JOURNAL ENTRY AND OPINION
{¶ 1} In 2002, the plaintiff estates of Janet Meden and Craig Austin received damage awards in their wrongful death suit against defendant Scott Leiendecker. As relevant here, the estates also brought Scott-Pontzer UM/UIM claims against the decedents' employer under commercial auto policies of insurance issued to it. The court granted the estates summary judgment under Scott-Pontzer. The insurance companies appealed, and while that matter was pending here, the Ohio Supreme Court decided Westfield Ins. Co. v. Galatis, 100 Ohio St.3d 216,2003-Ohio-5849, which limited the application of Scott-Pontzer to cases where the loss occurred in the course and scope of employment. We found Galatis applicable and remanded the matter back to the court to decide whether both decedents had been in the course and scope of employment. See Sharp v. Leiendecker, Cuyahoga App. No. 82949, 2004-Ohio-3467. A second trial ended in a verdict for the insurers. The estates argue that the damage awards entered in the first trial created vested legal rights that could not be retroactively impaired by a subsequent modification of ScottP-ontzer.

I
{¶ 2} The facts are undisputed for purposes of this appeal. The decedents were both employed by OSI Sealants, Inc. OSI carried a commercial auto policy issued by defendant Commerce and Industry Insurance Company and a commercial umbrella policy issued by Illinois National Insurance Company.

{¶ 3} At the time the estates filed their claims, the Ohio Supreme Court decision in Scott-Pontzer v. Liberty Mut. FireIns. Co. (1999), 85 Ohio St.3d 660, 1999-Ohio-292, held that naming a corporation as an insured is meaningless unless the coverage extends to some person or persons — including the corporation's employees. Id. at 665. Therefore, it interpreted commercial automobile insurance policies using the word "you" as referring not only to the corporation, but to employees of that corporation as well.

{¶ 4} Consistent with this holding, the court below granted summary judgment to the estates on their claims for coverage under the UM/UIM provisions of OSI's policies. The case then proceeded to trial on the wrongful death action against Leiendecker. A jury awarded the estates seven-figure damage awards which Leiendecker presumably could not satisfy. Hence, the insurers had exposure under their policies.

{¶ 5} The insurers appealed and, as relevant here, argued that the court erred by granting summary judgment to the estates. As the appeal was pending, the Ohio Supreme Court decidedGalatis. In paragraph two of the syllabus, the court stated, "[a]bsent specific language to the contrary, a policy of insurance that names a corporation as an insured for uninsured or underinsured motorist coverage covers a loss sustained by an employee of the corporation only if the loss occurs within the course and scope of employment."
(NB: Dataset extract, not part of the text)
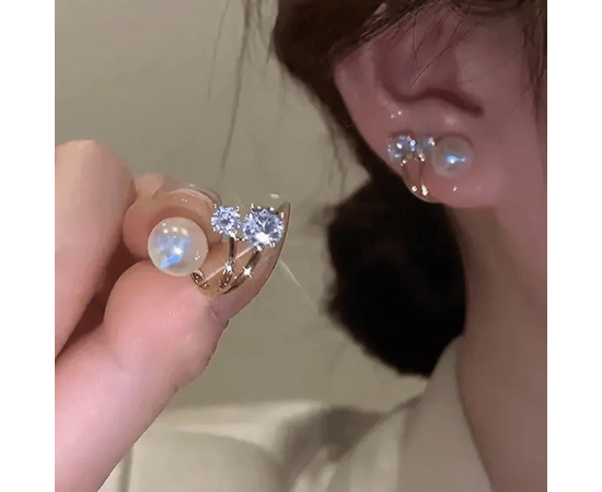 Stylish Korean Earrings for Women | Gold-Plated Pearl & Zircon Alloy Studs

{¶ 6} The parties filed supplemental briefs with the insurers arguing that the decedents had not been killed during the course and scope of their employment and that certain statements made in the estates' motion for summary judgment conceded that fact. The panel was reluctant to view these statements as legal concessions, so it remanded the case back to the court for consideration of whether the decedents had been in the course and scope of employment. Sharp at ¶ 22. Without specifically addressing the issue of retroactivity, the panel's decision appeared to assume as much.
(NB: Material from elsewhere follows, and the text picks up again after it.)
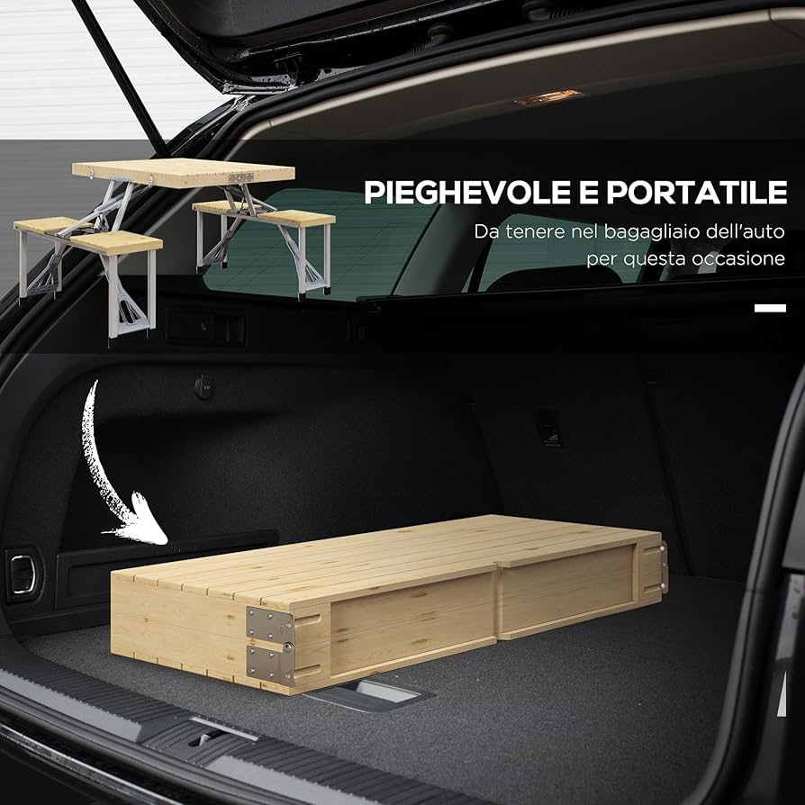 Outsunny ti accompagna nelle gite all'aperto con questo pratico tavolo da pic nic con sgabelli integrati, per pranzi e momenti di relax in compagnia. Il design pieghevole assicura di ridurre l'ingombro della struttura, per trasportarla facilmente e riporla in poco spazio Capacità di peso: 30 kg (tavolo), 110 kg (sgabello). STRUTTURA DUREVOLE: Realizzato con un telaio in alluminio leggero ma rinforzato e un piano in legno resistente e facile da pulire, questo set da picnic offre grande stabilità e praticità. MONTAGGIO VELOCE: Grazie alla struttura integrata di tavolo e sgabelli, il set da picnic può essere assemblato rapidamente e senza complicazioni. Dimensioni piegato: 90L x 41P x 10A cm. Tavolo Pieghevole Da Esterno Outsunny Tavolino Da Campeggio Pieghevole Portatile Di Alluminio E Plastica Con 4 Sedie - Azzurri | Acquisti Online Su EBay Sedia Pieghevole Campeggio DIMENSIONI: Dimensioni del tavolo: 85.5L x 72.5P x 67A cm.

{¶ 7} On remand, a jury found that decedents were not in the course and scope of employment. The estates filed motions for a directed verdict and judgment notwithstanding the verdict arguing that the verdict in the first trial vested rights which could not be impaired by Galatis. The court denied the motions and this appeal followed.

II
{¶ 8} In Hopkins v. Dyer, 104 Ohio St.3d 461,2004-Ohio-6769, the supreme court stated:

{¶ 9} "The law of the case is a longstanding doctrine in Ohio jurisprudence. `The doctrine provides that the decision of a reviewing court in a case remains the law of that case on the legal questions involved for all subsequent proceedings in the case at both the trial and reviewing levels.' The doctrine is necessary to ensure consistency of results in a case, to avoid endless litigation by settling the issues, and to preserve the structure of superior and inferior courts as designed by the Ohio Constitution. It is considered a rule of practice, not a binding rule of substantive law." Id. at ¶ 15 (citations omitted).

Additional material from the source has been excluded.